▶ [PROBLEM]:
Reproduce the entries verbatim; no pictures.

[Collected data]

________________________

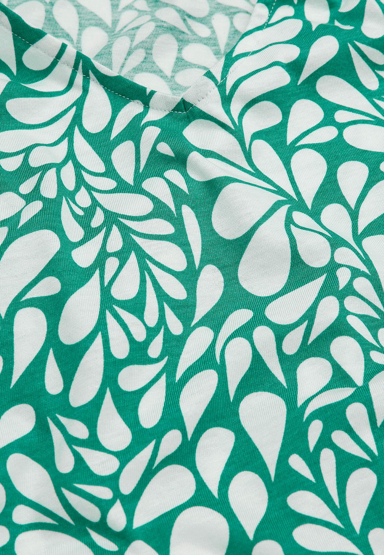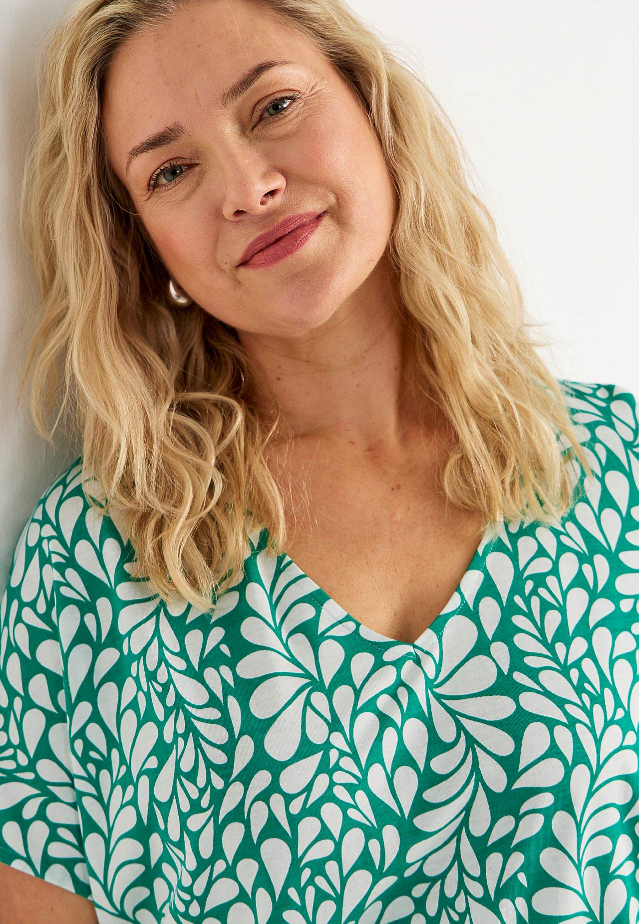 Topje van heerlijk zachte viscosemix. Losse pasvorm. Kapmouwen. Rechte zoom. Combineer met 702587. De ruglengte varieert per maat: ca. 61-71 cm.
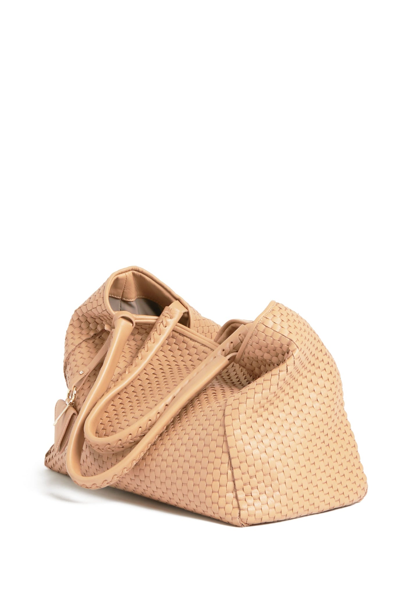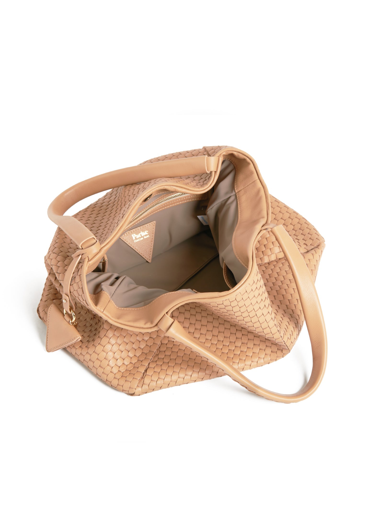 Product: '09' Plain Camel- Edge without fringe for those who prefer more minimalist designs - Double leather handles that fit easily over coats - Magnetic closure for secure and easy access - Internal zipped pocket and two leather compartments to organize your essentials - White gold colored hardware - Soft and durable 100% cotton lining - Exclusive signature Parise pendant included - Protective dust bag included for lasting beauty Made in Italy - Premium 100% bovine leather woven with 100% cotton yarn on 18th century treadle looms
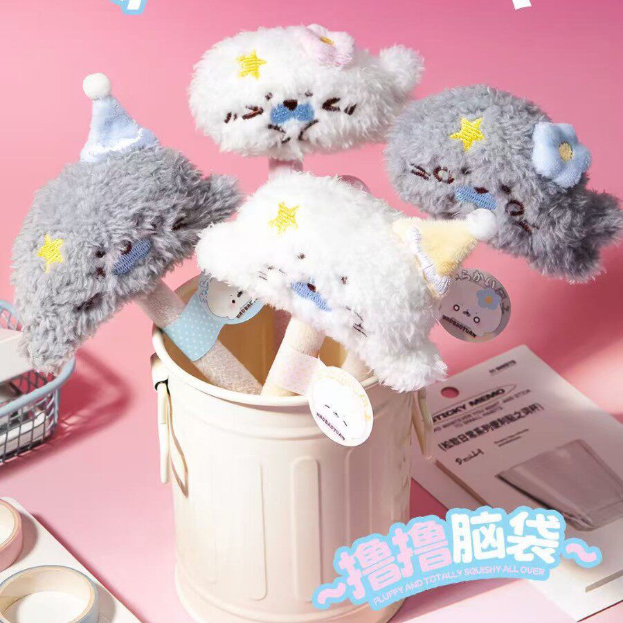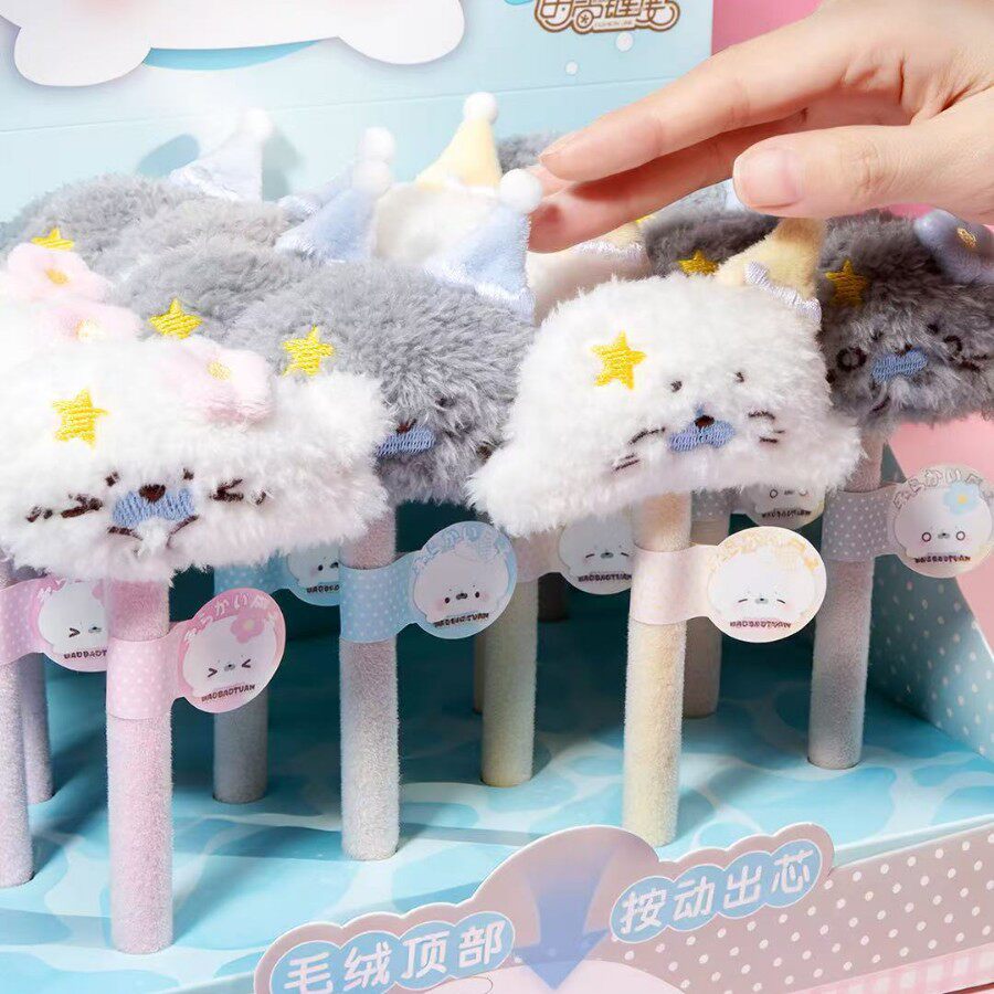 可爱卡通海豹团子毛绒笔套中性笔学生文具公仔挂件礼物刷题笔学生
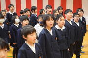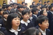 卒業式での歌「小さな勇気」の練習を1~5年生で行いました。「透き通った歌声で歌うよ」「たくさん息を吸うよ」といった指導を素直に受け止めて、歌詞に思いをのせて歌おうとする姿がたくさん見られました。
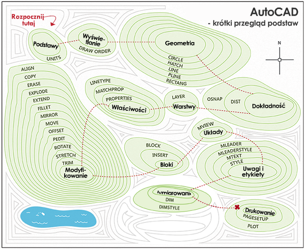 Witamy w podręczniku AutoCAD — krótki przegląd podstaw, w którym opisano podstawowe polecenia niezbędne do tworzenia rysunków 2D w programach AutoCAD lub AutoCAD LT.

________________________

▶ [EXERCISE OUTPUT]:
 Topje van heerlijk zachte viscosemix. Losse pasvorm. Kapmouwen. Rechte zoom. Combineer met 702587. De ruglengte varieert per maat: ca. 61-71 cm.
 Product: '09' Plain Camel- Edge without fringe for those who prefer more minimalist designs - Double leather handles that fit easily over coats - Magnetic closure for secure and easy access - Internal zipped pocket and two leather compartments to organize your essentials - White gold colored hardware - Soft and durable 100% cotton lining - Exclusive signature Parise pendant included - Protective dust bag included for lasting beauty Made in Italy - Premium 100% bovine leather woven with 100% cotton yarn on 18th century treadle looms
 可爱卡通海豹团子毛绒笔套中性笔学生文具公仔挂件礼物刷题笔学生
 卒業式での歌「小さな勇気」の練習を1~5年生で行いました。「透き通った歌声で歌うよ」「たくさん息を吸うよ」といった指導を素直に受け止めて、歌詞に思いをのせて歌おうとする姿がたくさん見られました。
 Witamy w podręczniku AutoCAD — krótki przegląd podstaw, w którym opisano podstawowe polecenia niezbędne do tworzenia rysunków 2D w programach AutoCAD lub AutoCAD LT.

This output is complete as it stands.